What is needed is a word-for-word copy of the lines below from the one with "AA级两化融合管理体系评定证书" through the one with "طبق نقشه در", both included, with every picture left out.

Given data:
◆ ◆ ◆ ◆ ◆ ◆ ◆

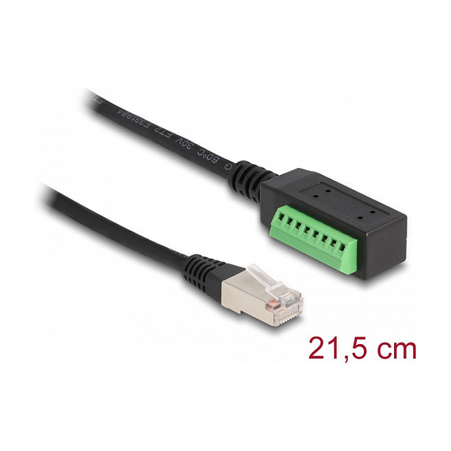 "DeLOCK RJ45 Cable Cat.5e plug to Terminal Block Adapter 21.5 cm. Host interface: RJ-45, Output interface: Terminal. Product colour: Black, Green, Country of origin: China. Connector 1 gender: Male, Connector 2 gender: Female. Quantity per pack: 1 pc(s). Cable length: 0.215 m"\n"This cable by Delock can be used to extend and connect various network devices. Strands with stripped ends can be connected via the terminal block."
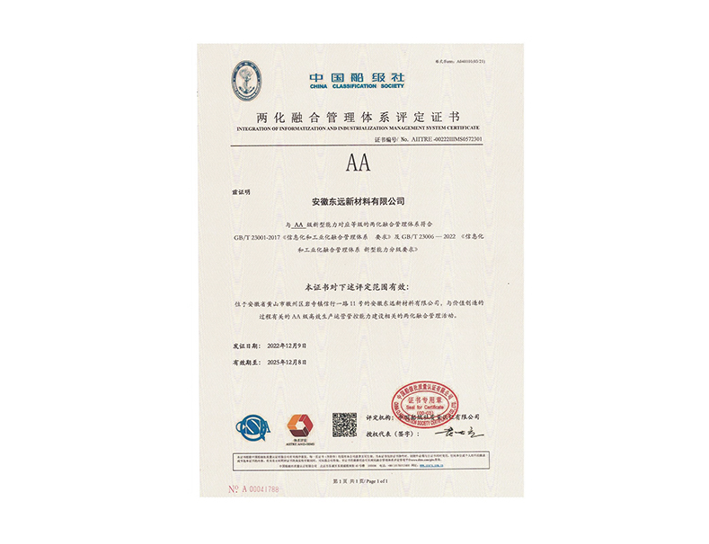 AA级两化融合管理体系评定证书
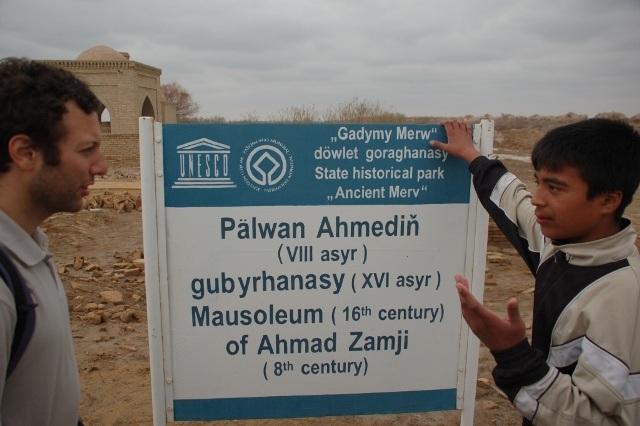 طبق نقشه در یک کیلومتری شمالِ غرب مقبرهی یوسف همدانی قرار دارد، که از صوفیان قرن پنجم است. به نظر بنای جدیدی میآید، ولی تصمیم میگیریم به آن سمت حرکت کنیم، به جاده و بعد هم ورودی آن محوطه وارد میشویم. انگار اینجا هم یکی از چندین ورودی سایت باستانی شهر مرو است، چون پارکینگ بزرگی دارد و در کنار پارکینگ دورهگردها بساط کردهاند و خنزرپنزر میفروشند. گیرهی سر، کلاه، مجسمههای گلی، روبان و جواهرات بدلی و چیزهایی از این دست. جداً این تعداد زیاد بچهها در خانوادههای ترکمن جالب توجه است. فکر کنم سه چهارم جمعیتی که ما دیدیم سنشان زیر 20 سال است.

◆ ◆ ◆ ◆ ◆ ◆ ◆

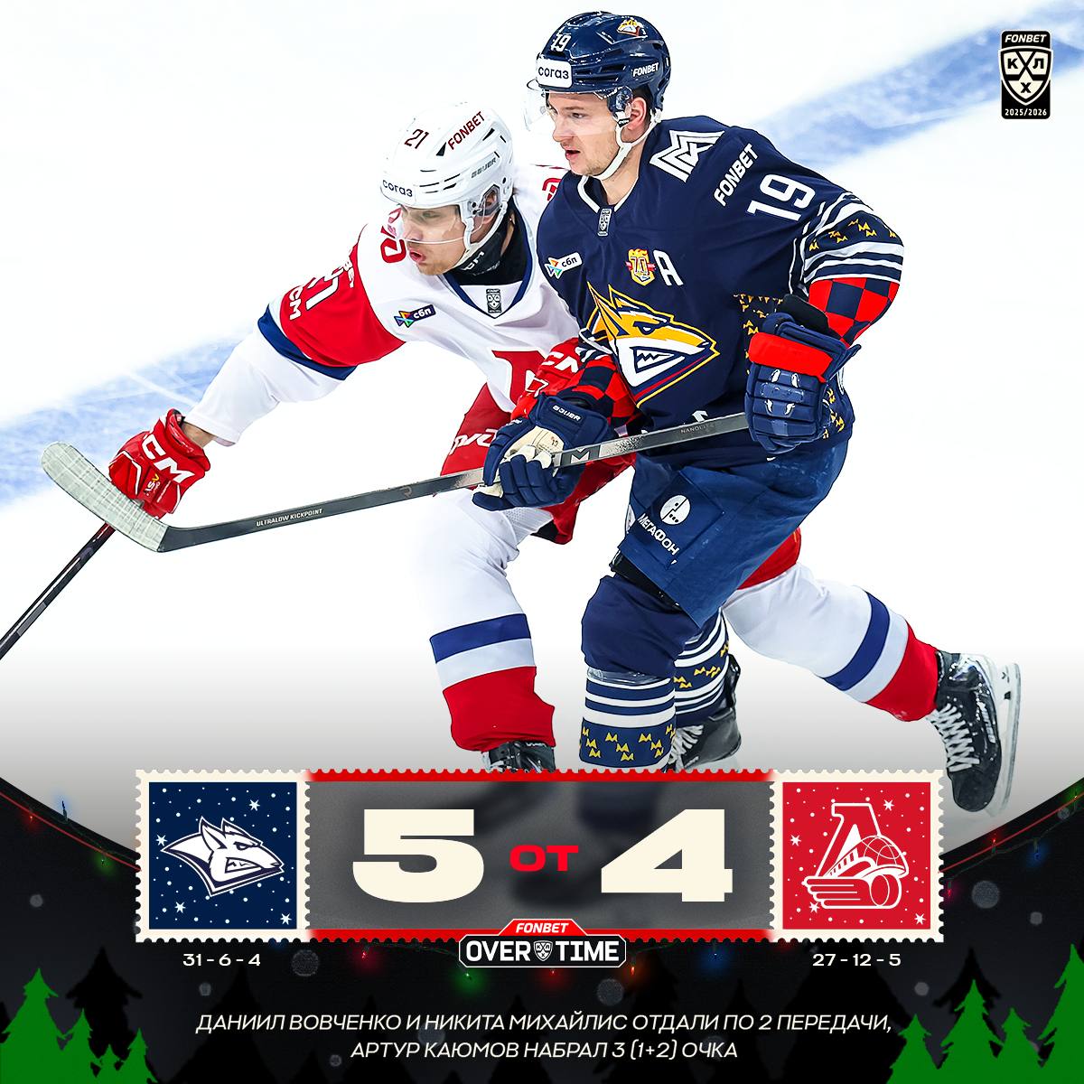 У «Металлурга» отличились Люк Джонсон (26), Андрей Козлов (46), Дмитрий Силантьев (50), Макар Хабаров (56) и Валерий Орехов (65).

◆ ◆ ◆ ◆ ◆ ◆ ◆

Response to the exercise:
 AA级两化融合管理体系评定证书
 طبق نقشه در یک کیلومتری شمالِ غرب مقبرهی یوسف همدانی قرار دارد، که از صوفیان قرن پنجم است. به نظر بنای جدیدی میآید، ولی تصمیم میگیریم به آن سمت حرکت کنیم، به جاده و بعد هم ورودی آن محوطه وارد میشویم. انگار اینجا هم یکی از چندین ورودی سایت باستانی شهر مرو است، چون پارکینگ بزرگی دارد و در کنار پارکینگ دورهگردها بساط کردهاند و خنزرپنزر میفروشند. گیرهی سر، کلاه، مجسمههای گلی، روبان و جواهرات بدلی و چیزهایی از این دست. جداً این تعداد زیاد بچهها در خانوادههای ترکمن جالب توجه است. فکر کنم سه چهارم جمعیتی که ما دیدیم سنشان زیر 20 سال است.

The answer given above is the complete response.